Я вышел побродить по городу, надеялся также встретить знакомых Оттуда и узнать от них, каковы шансы, как здесь теперь живется и на что. У магазинов в длинных очередях стояли люди с усталыми, серыми от недосыпания лицами, зеленые униформы милиционеров заслоняли вход в ресторан на углу, откуда вывели двух юношей в таких же милицейских мундирах и штатского с английскими усиками, неподалеку парни в белых рубашках с красными галстуками складывали на грузовик десятки портретов, таких огромных, что при переноске ветер, дуя в них, как в паруса, отбрасывал их от машины. Я не знал никого из этих мужчин, чьи головы падали сейчас на платформу грузовика, — генерала с пухлым лицом, худощавого штатского с маленькими усиками, кого‑то похожего на Жеромского, — ни лысого, ни пышноволосого, никого. У грузовика собралась кучка зевак, благо сцена с милиционерами уже окончилась и нечего было делать, послышались незнакомые фамилии: Берут, Гомулка, Жимерский, Осубка. Какой‑то подвыпивший дылда в бриджах покрикивал:

— Вывозите, всех вывозите, господа комсомольцы!

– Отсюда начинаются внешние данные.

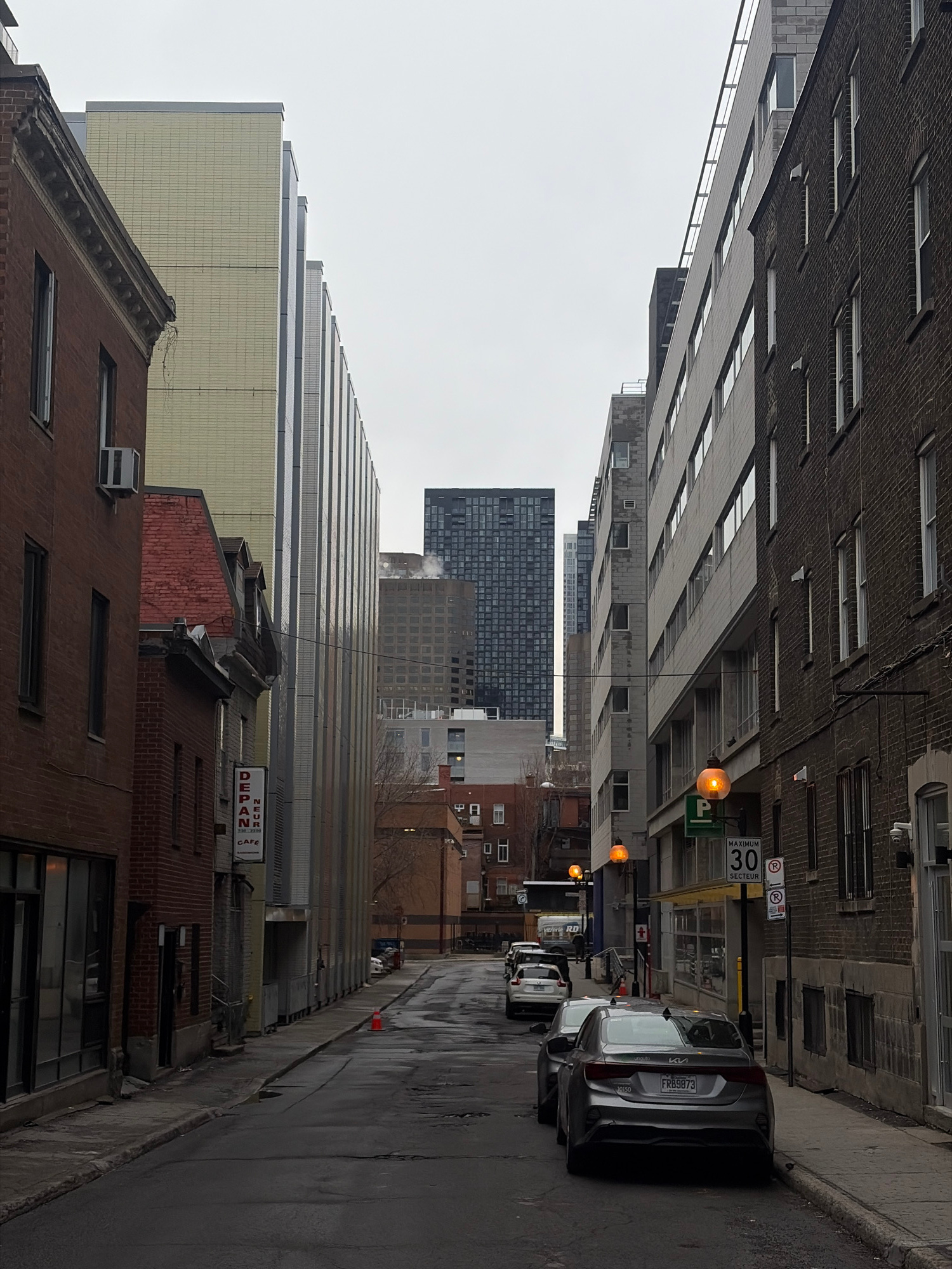 This image captures an urban street scene in Montreal, Canada, on an overcast day, evident by the muted lighting and wet street surface. The perspective looks down a street lined with a diverse archit…read more

Блондинчик в белой рубахе и красном галстуке, распорядитель, беспомощно стоял возле грузовика, прикидываясь, будто не слышит, но дылда все более остервенялся, подталкивал носивших портреты, бранился.

III

Мастерскую я устроил себе в комнатушке Кароля, инструменты сохранились у Катажины, материал получил от фирмы в кредит, в счет первых поставок. Я торжествовал. Несмотря ни на что, я избежал всех соблазнов и начинал безмятежное существование в полнейшем одиночестве. Хоть за последние годы я и вышел из формы, почти годичная практика дала кое — какой опыт, к тому же мне всегда нравилось мастерить и я не утратил этого пристрастия, которое оказывалось весьма кстати при различных обстоятельствах.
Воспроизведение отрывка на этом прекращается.